No luck here finding anything to do with Custom or CSS in NoScript in SeaMonkey. :(
Felix Miata wrote:
No luck here finding anything to do with Custom or CSS in NoScript in SeaMonkey. :(
This may not help then, but here's what I have in noscript for discussion.fedoraproject.org:
https://fedorapeople.org/~tmz/discourse-noscript.png
It wasn't obvious to me where Custom was, I had to identify the icon on top with the S and the wrench. Hovering over that with the mouse says "Custom". I never had to do that with any other site. Some sites wouldn't load properly or at all without temporarily enabling Javascript, but this is the first time I had to locate and use Custom to make it work.
Actually, I used the Custom icon next to the specific site, there's a separate global one on top.
On Mon, 2023-05-01 at 12:37 -0400, Todd Zullinger wrote:
I think it's an annoyance that sites require such heavy javascript to function.
It's more than just an annoyance, that kind of thing makes them
* slow to load (comparatively speaking, though sometimes so damn slow it's unbelievable) * fragile * complicated * potentially more vulnerable to attack (especially when you just throw other people's dubious code into your site instead of writing your own) * computationally expensive to render * painfully tedious to navigate
I shouldn't need a 4 core 6 GHz PC to browse what's a mostly textual content kind of website.

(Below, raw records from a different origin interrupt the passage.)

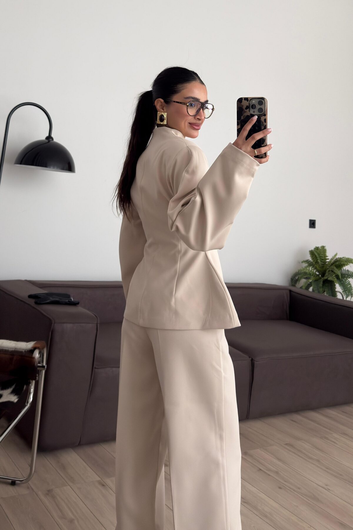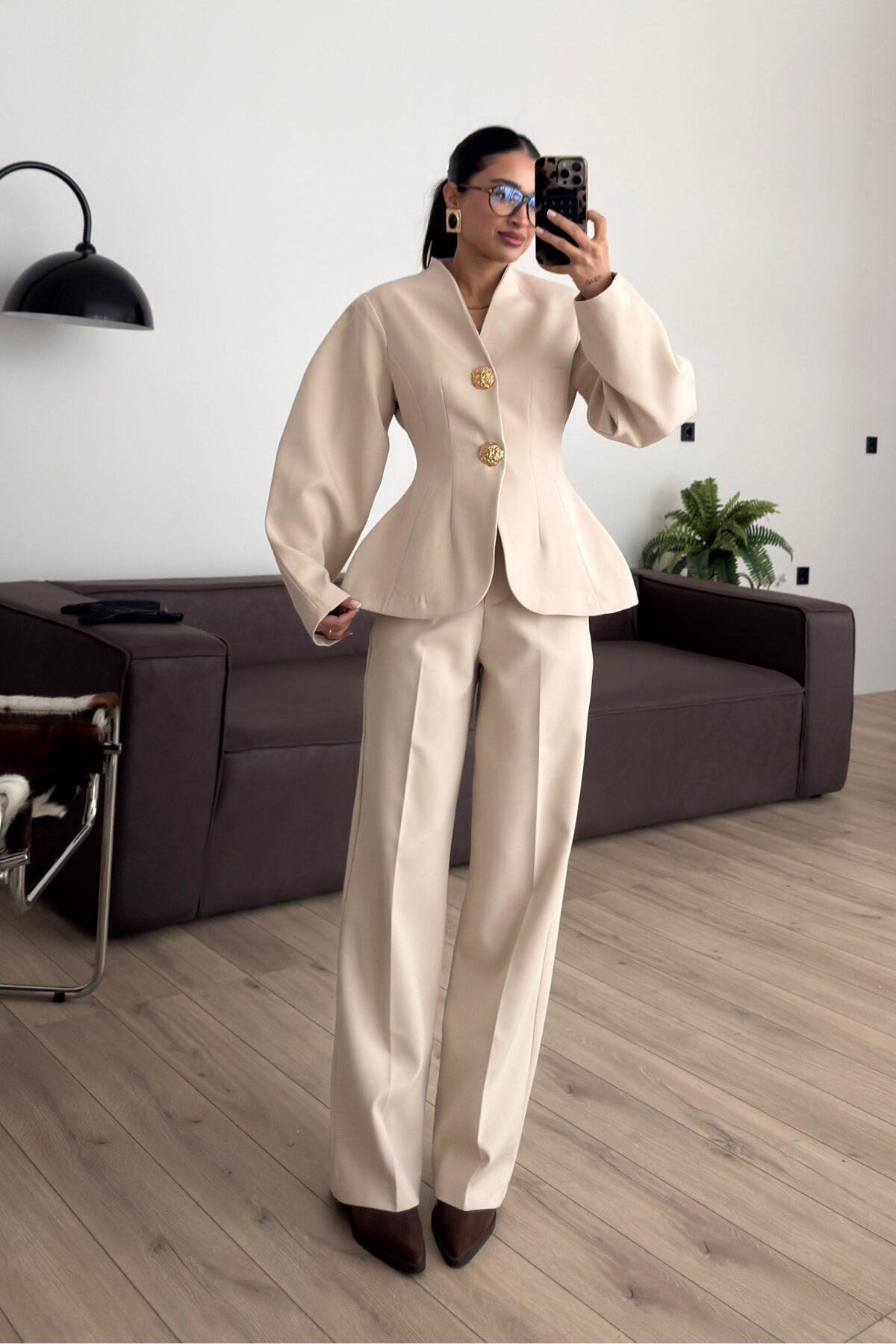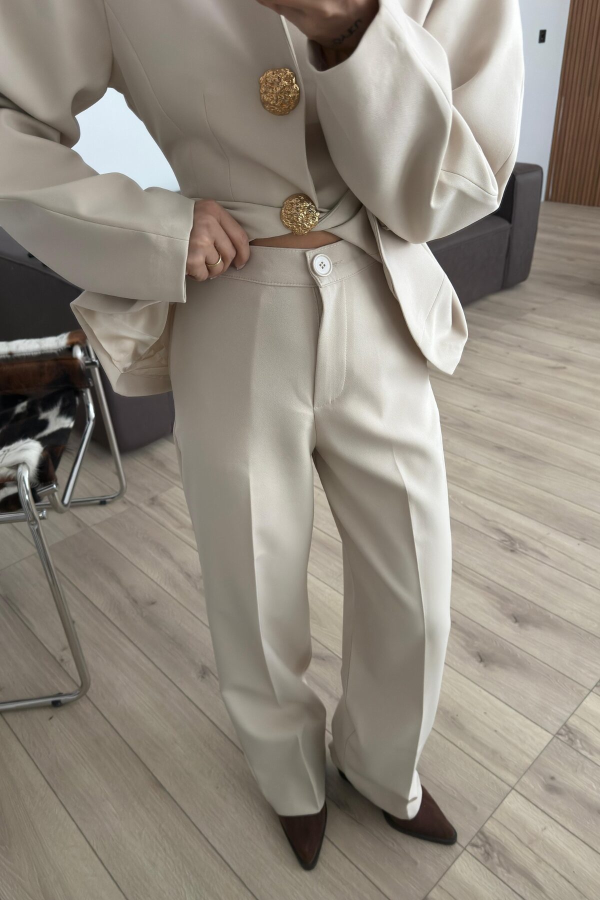 Balon Kollu Gold Düğmeli Blazer Takım Bej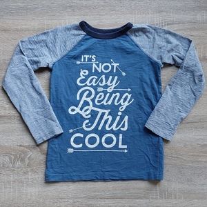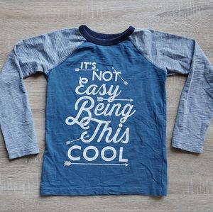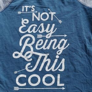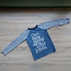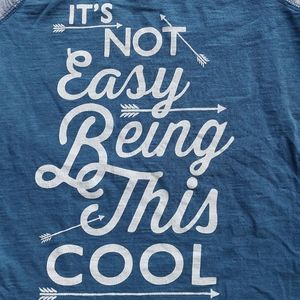 This listing is for a Mini Boden (or do I just call it Johnnie B?) long-sleeve blue & gray tee that says "it is not easy being this cool" in good used condition. While I took a photo of the tag & I really cannot see the date. Hubby is going to try & change insurances & add eye coverage bc my problems seeing is beyond "normal" at this point. I said this in the domino sweatshirt listing I think. Last time my vision was checked it was 20 over several hundred....many years ago :P I am very near-sighted so what does that have to do w/seeing that print? If anyone has any idea what that says please let me know.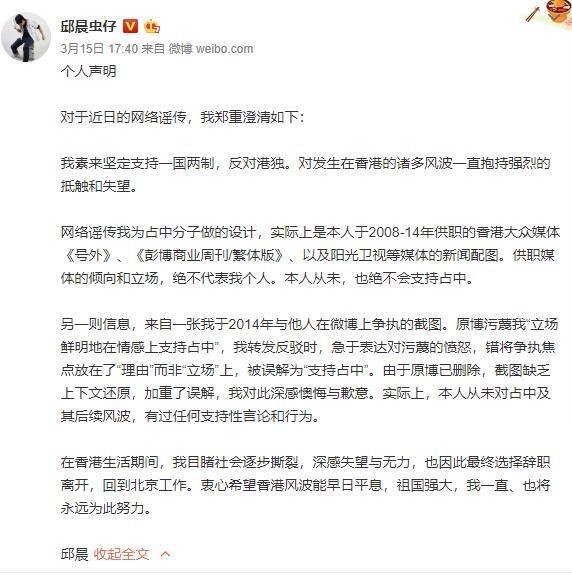 3月15日,因疑似发表不当言论被网友手撕后,邱晨曾发微博澄清:“网络谣传我为占中分子做的设计,实际上是本人于2008-14年供职的香港大众媒体《号外》、《彭博商业周刊/繁体版》、以及阳光卫视等媒体的新闻配图。供职媒体的倾向和立场,绝不代表我个人。本人从未,也绝不会支持占中。”邱晨还强调:“在香港生活期间,我目睹社会逐步撕裂,深感失望与无力,也因此最终选择辞职离开,回到北京工作。衷心希望香港风波能早日平息,祖国强大,我一直、也将永远为此努力。”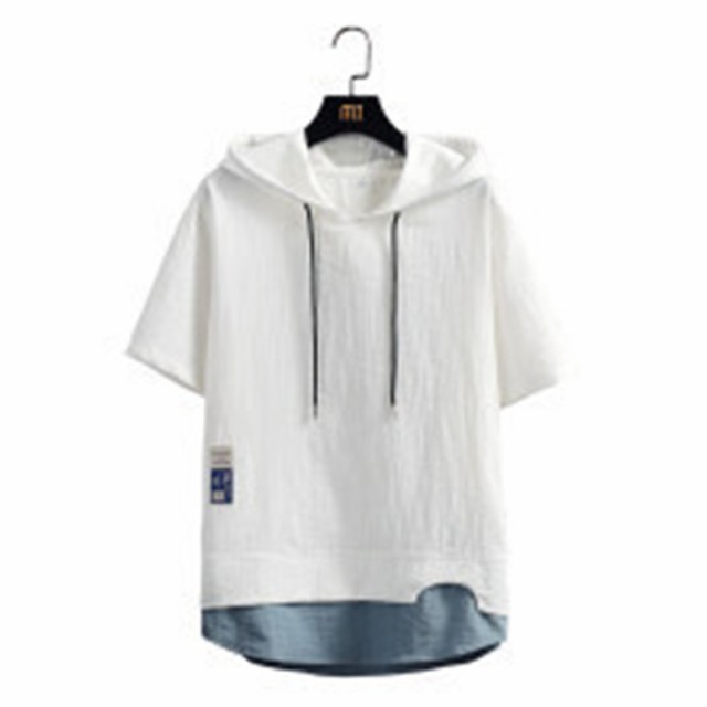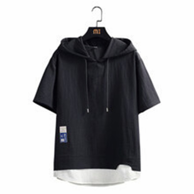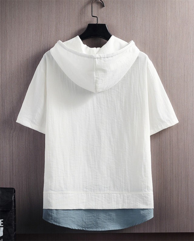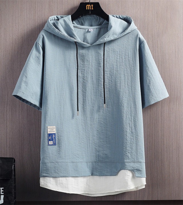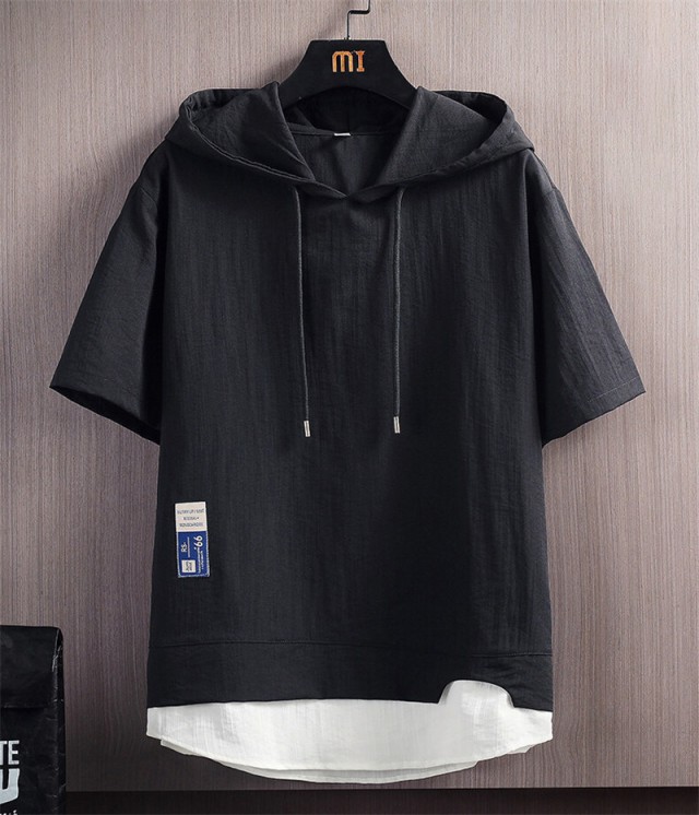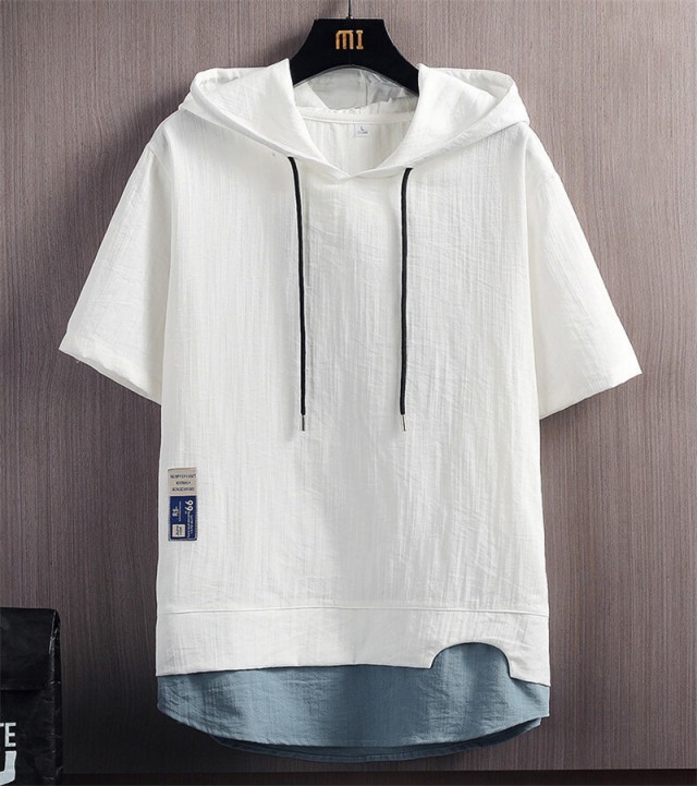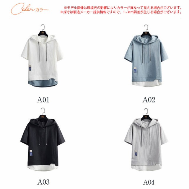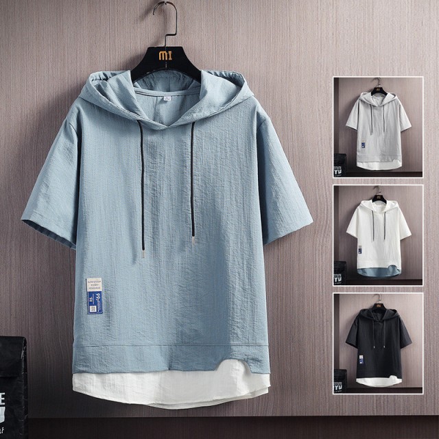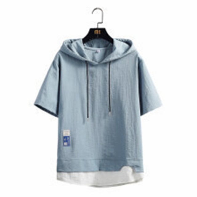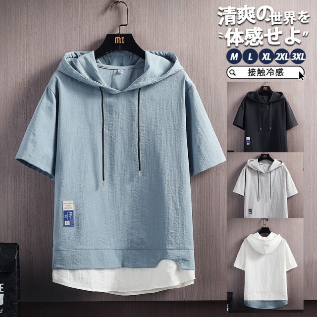 【ポイント10倍!】パーカー メンズ 夏 接触冷感 Tシャツ 重ね着風 プルオーバー 半袖 フード付き 父の日 ゆったり トップス 薄手 カジュアル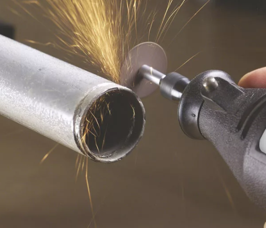 Сначала острыми кусачками-бокорезами откусил центральный контакт от провода идущего в лампочку. После этого дремелем с абразивным отрезным диском, аккуратно разрезал цоколь по вдоль оси лампы. Дремель с с отрезным диском, это вот такое устройство -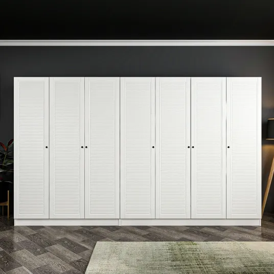 Designul curat si modern al dulapului nostru va ridica instantaneu estetica oricarei camere. Culoarea alba clara adauga o nota de eleganta si sofisticare, facandu-l o piesa versatila care completeaza orice stil de decor. Transformati-va camera intr-un sanctuar de stil si seninatate.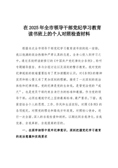 【七哥公文】2025年:在2025年全市领导干部党纪学习教育读书班上的个人对照检查材料+更多免费公文+VX:QiGeGongWen2024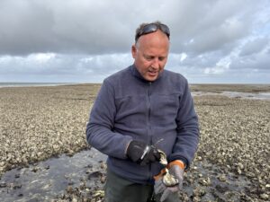 We ankeren voor de bank, waarbij de boot zich met de achterkant naar de plek draait waar we kunnen afstappen. Dan krijgen we al snel een glas wijn en maakt Werner de eerste oesters open. ‘Raap er maar één op, dan maak ik hem voor je open’, zegt hij. Al pratend lopen we over het wad, waarbij hij ons allerlei schelpdieren laat zien en proeven. Wat een avontuur.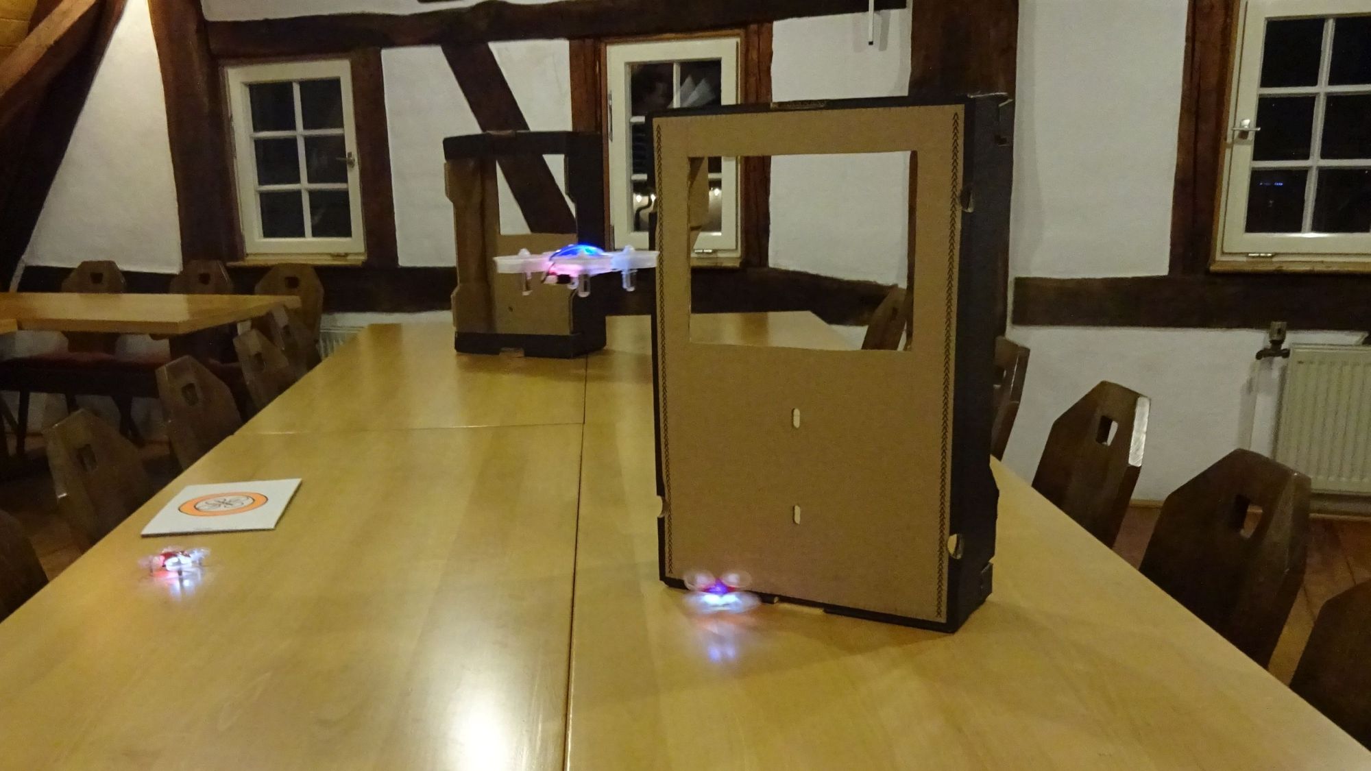 14.12.2016 – Indoor Quattrocopter Rennen Kommentar verfassen Unser erster Indoor Quattrocopterevent – die Startaufstellung und die Strecke: Ausschnitte aus der Streckenkamera vor einem der Hindernisse: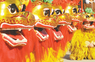 上午10點,伴隨著動感熱烈的鼓點,幾只紅黃相間的獅子歡快登場。在觀眾的注視下,獅子們時而閃轉騰挪,時而騰空躍起,時而頂腰扭動,下山探寶,把那股剛勁威猛勁兒表現得惟妙惟肖。
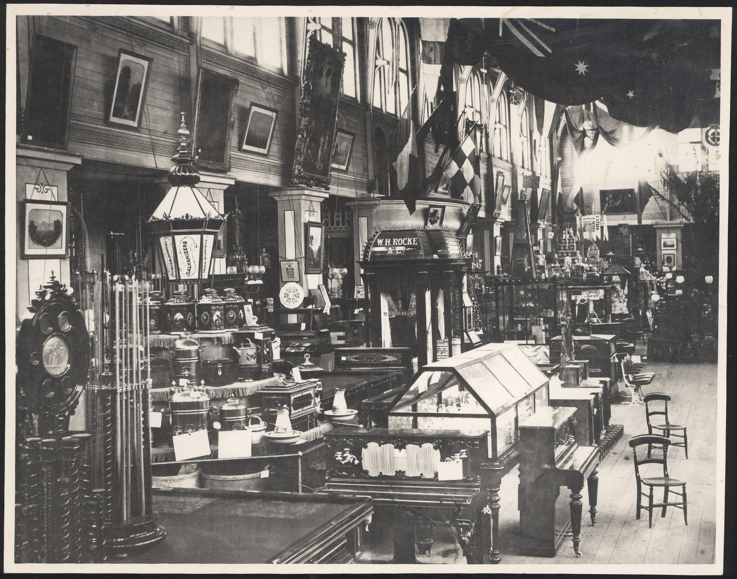 Interior view of the Royal Exhibition Building showing a large display of furniture imported by W.H. Rocke.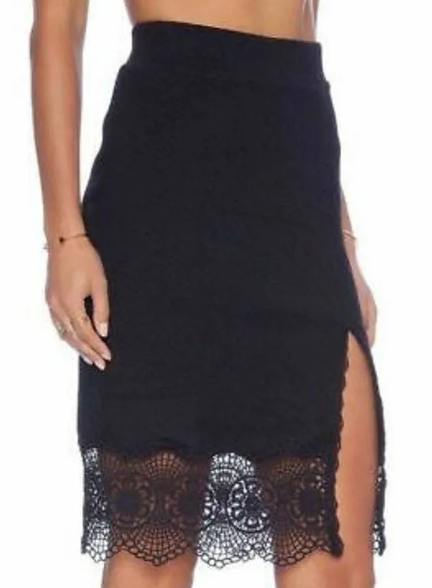 Free people black story teller skirt with lace size small Beautiful black skirt with embroidered dia... Show more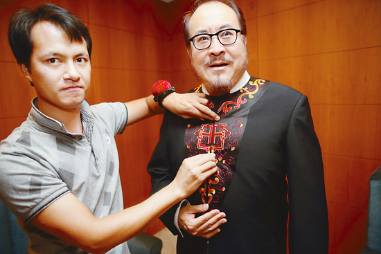 8月14日,著名歌唱家田浩江在發布會上試演出服。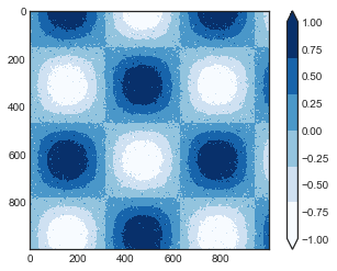 컬러맵은 연속형이지만 때로는 이산형 값을 표현하고 싶을 때도 있습니다. 이를 수행하는 가장 쉬운 방법은 plt.cm.get_cmap 함수를 사용하고 원하는 빈 수와 함께 적합한 색상맵의 이름을 전달하는 것입니다(다음 그림 참조).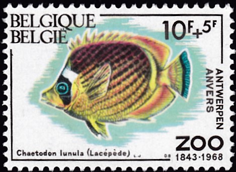In der gleichen Markenserie aus Belgien zum Jubiläum "125 Jahre Zoo Antwerpen" erschien auch eine Marke (MiNr 1530) mit einem Mondsichel-Falterfisch (Chaetodon lunula). Bei Michel wird er Sichelbinden-Falterfisch (Chaetodon lunula) ) genannt.

Personally I dislike multi-columnar webpages. It's like playing a game of snakes and ladders to read the page when you have to scroll up and down, several times. Printed magazine formats ought to stay with printed magazines, where you *can* see the whole page in one go. -- NB: All unexpected mail to my mailbox is automatically deleted. I will only get to see the messages that are posted to the list.
*
On Mon, 2023-05-01 at 12:54 +0000, Andre Robatino wrote:
In Firefox, Fedora's default browser, the page is barely legible, so it's not surprising that it breaks at the drop of a hat. It appears to be heavily under construction.
Nothing jumps out at me as looking wrong.